Петр Степанович был человек может быть и неглупый, но Федька Каторжный
верно выразился о нем, что он "человека сам сочинит, да с ним и живет". Ушел
он от фон-Лембке вполне уверенный, что по крайней мере на шесть дней того
успокоил, а срок этот был ему до крайности нужен. Но идея была ложная, и все
основано было только на том, что он сочинил себе Андрея Антоновича, с самого
начала, и раз навсегда, совершеннейшим простачком.

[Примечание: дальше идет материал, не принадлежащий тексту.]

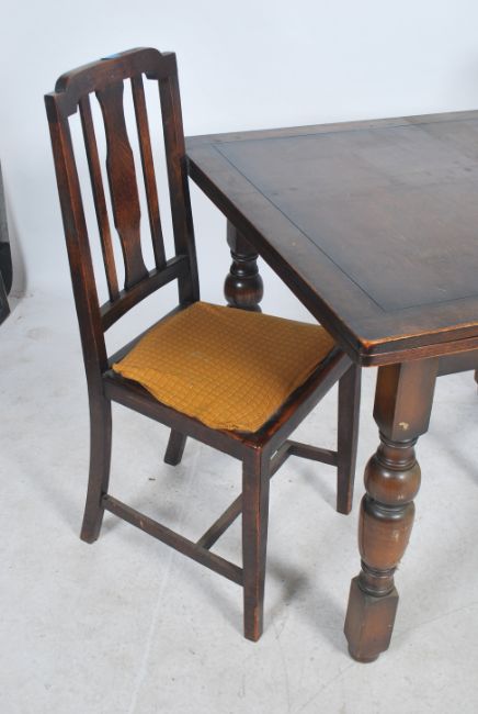 A 20th century oak utility type draw leaf refectory dining table raised on shaped legs together with a pair of matching dining chairs ( see illustrations )
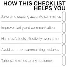 - Avoid Common Summarizing Mistakes: Avoid vague instructions, ensure accuracy, and prevent missing nuance in AI-generated summaries.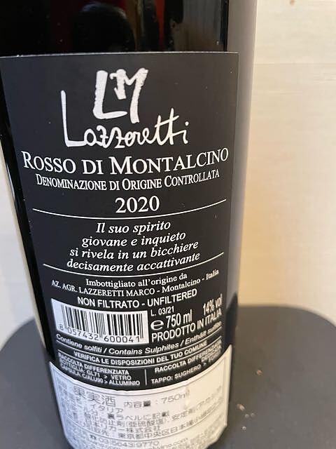 ラッツェレッティ ロッソ ディ モンタルチーノ 2020 サンジョヴェーゼ 綺麗なルビー色に赤と黒の印象的なエチケット 香りはラズベリー、花の香りに少し土のニュアンス 味は程よいタンニンにフレッシュな果実味でしっかり感もありこれまで飲んだロッソディモンタルチーノの中では秀逸かも

Как и каждый страдальчески-мнительный человек, Андрей Антонович всякий
раз бывал чрезвычайно и радостно доверчив в первую минуту выхода из
неизвестности. Новый оборот вещей представился ему сначала в довольно
приятном виде, несмотря на некоторые вновь наступавшие хлопотливые
сложности. По крайней мере старые сомнения падали в прах. К тому же он так
устал за последние дни, чувствовал себя таким измученным и беспомощным, что
душа его поневоле жаждала покоя. Но увы, он уже опять был неспокоен. Долгое
житье в Петербурге оставило в душе его следы неизгладимые. Официальная и
даже секретная история "нового поколения" ему была довольно известна, -
человек был любопытный и прокламации собирал, - но никогда не понимал он в
ней самого первого слова. Теперь же был как в лесу: он всеми инстинктами
своими предчувствовал, что в словах Петра Степановича заключалось нечто
совершенно несообразное, вне всяких форм и условий, - "хотя ведь чорт знает,
что может случиться в этом "новом поколении" и чорт знает, как это у них там
совершается!" раздумывал он, теряясь в соображениях.

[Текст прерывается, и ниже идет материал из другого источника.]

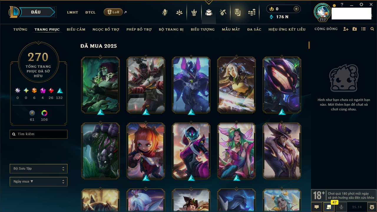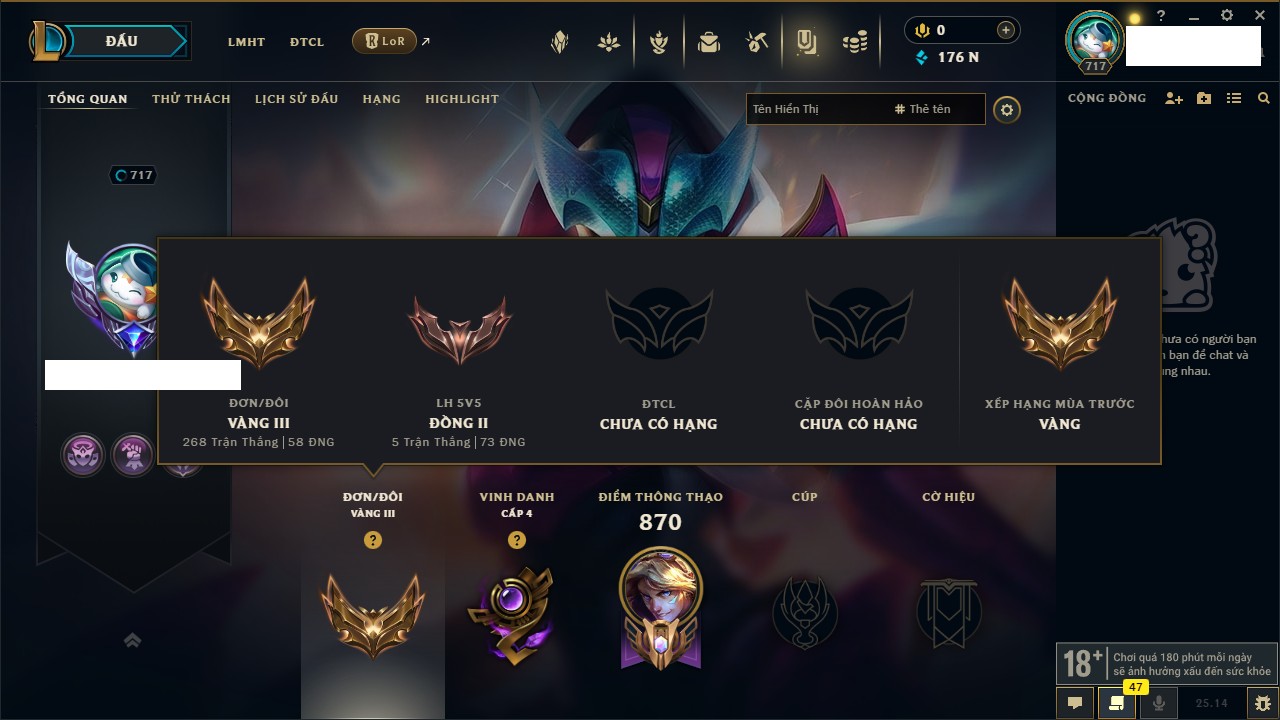 Rank Đơn: Vàng IKhung: Bạch kimTướng: 170 - Còn 212450 THXTrang Phục: 214Rank ĐTCL: Bạch Kim IVLinh Thú: 221

А тут как нарочно снова просунул к нему голову Блюм. Все время
посещения Петра Степановича он выжидал недалеко. Блюм этот приходился даже
родственником Андрею Антоновичу, дальним, но всю жизнь тщательно и боязливо
скрываемым. Прошу прощения у читателя в том, что этому ничтожному лицу
отделю здесь хоть несколько слов. Блюм был из странного рода "несчастных"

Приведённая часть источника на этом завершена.